Evolving payment models along with increasing amounts of publicly available data could present new compliance challenges for healthcare governing boards, according to new guidelines released by the federal government and industry groups Monday.
“New forms of reimbursement (e.g., value-based purchasing, bundling of services for a single payment, and global payments for maintaining and improving the health of individual patients and even entire populations) lead to new incentives and compliance risks,” according to the guidelines for healthcare boards on compliance oversight, created through a first-of-its-kind partnership between HHS' Office of Inspector General, the American Health Lawyers Association, the Association of Healthcare Internal Auditors and the Health Care Compliance Association.
Sandy Teplitzky, a principal at Ober Kaler who helped create the guidelines on behalf of the American Health Lawyers Association, said the groups behind the document felt it important to come together now to assist boards. He said it's been years since similar guidance was issued, and much has changed in healthcare in a short period of time.
Compliance might seem relatively straightforward to the employed leaders of healthcare organizations, but it seems less concrete for board members, many of whom are volunteers with varying levels of healthcare experience, he said.
“The concept is to provide some guidance and practical tips to try to avoid problems as opposed to coming in later and saying, 'We gotcha,'” Teplitzky said. “One of the goals of this document is to provide the boards with … the questions they should be asking.”
The guide notes that new payment models have spurred consolidation among healthcare providers and more employment and contractual relationships, such as those between hospitals and doctors. Boards, as a result, should be asking their organizations how they review those relationships for compliance with the Stark law's restrictions on self-referral and the anti-kickback statute.
That particular guideline isn't driven by cases the OIG has seen but is something that boards should be aware of generally “because the world is changing,” said Greg Demske, chief counsel to the inspector general.
The guide also warns that “emerging trends in the healthcare industry to increase transparency can present healthcare organizations with opportunities and risk.” The guide cites as examples CMS' Quality Compare Measures, CMS physician payment data and data on payments from pharmaceutical and device manufacturers to physicians now available through the Sunshine Rule.
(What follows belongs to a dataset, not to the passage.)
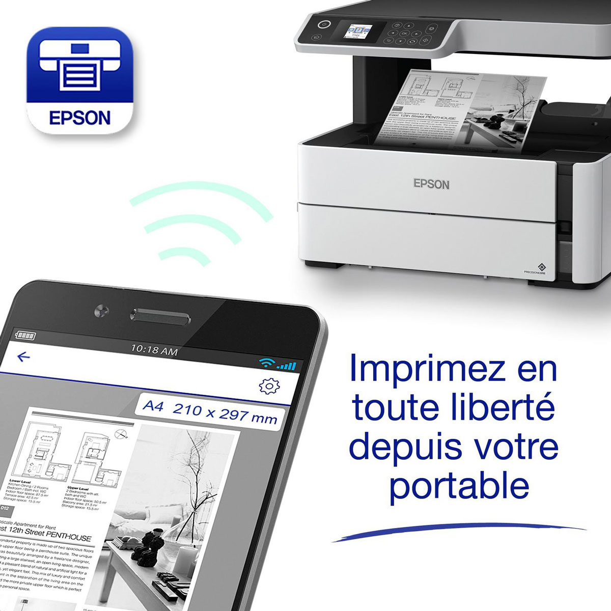 Imprimez en déplacement, avec Wi-Fi Direct et l’application Epson iPrint. Avec votre mobile, votre ordinateur portable ou votre tablette, vous pourrez envoyer des documents à imprimer depuis presque n’importe où.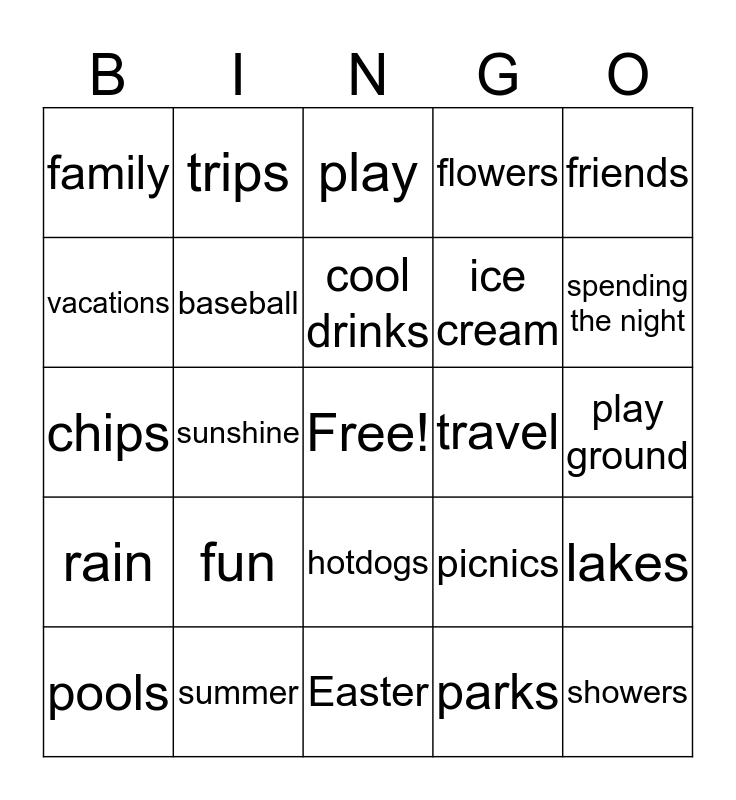 This bingo card has a free space and 24 words: fun, summer, cool drinks, pools, friends, family, vacations, trips, travel, hotdogs, ice cream, chips, picnics, lakes, baseball, parks, play ground, play, spending the night, sunshine, showers, rain, flowers and Easter.

In light of this data, boards might want to compare their own data against those of peers and incorporate national benchmarks when assessing risk and compliance, the guide suggests. It also warns boards of organizations that employ physicians to be aware of relationships between physicians and other healthcare entities and whether those relationships could affect clinical and research decisionmaking.
“Because so much more information is becoming public, Boards may be asked significant compliance-oriented questions by various stakeholders, including patients, employees, government officials, donors, the media, and whistleblowers,” according to the guide.
The guidelines touched upon a number of other matters, including the 60-day repayment provision of the Affordable Care Act. The rule requires that providers report and refund any overpayments to Medicare or Medicaid within 60 days of identifying overpayments. The guide suggests that a board would benefit from asking management about efforts to develop policies for identifying and returning overpayments, though the regulations to do so aren't yet final.
Roy Snell, CEO of the Health Care Compliance Association, said it's significant that the guidelines specifically emphasize the importance for boards of keeping compliance officers independent.
The guidelines state, “OIG believes an organization's Compliance Officer should neither be counsel for the provider, nor be subordinate in function or position to counsel or the legal department, in any manner.”
Most healthcare organizations already have independent compliance officers, but there can be pressures to limit that independence, Snell said.
“We need the constant reminder that by definition a compliance officer isn't a compliance officer unless they're independent,” Snell said. “We need to have it independent so leadership can get advice that comes from an unbiased perspective.”
Snell said this is the first time such a recommendation has been stated so clearly, and it's likely to reach beyond healthcare into other industries thinking about their own compliance issues.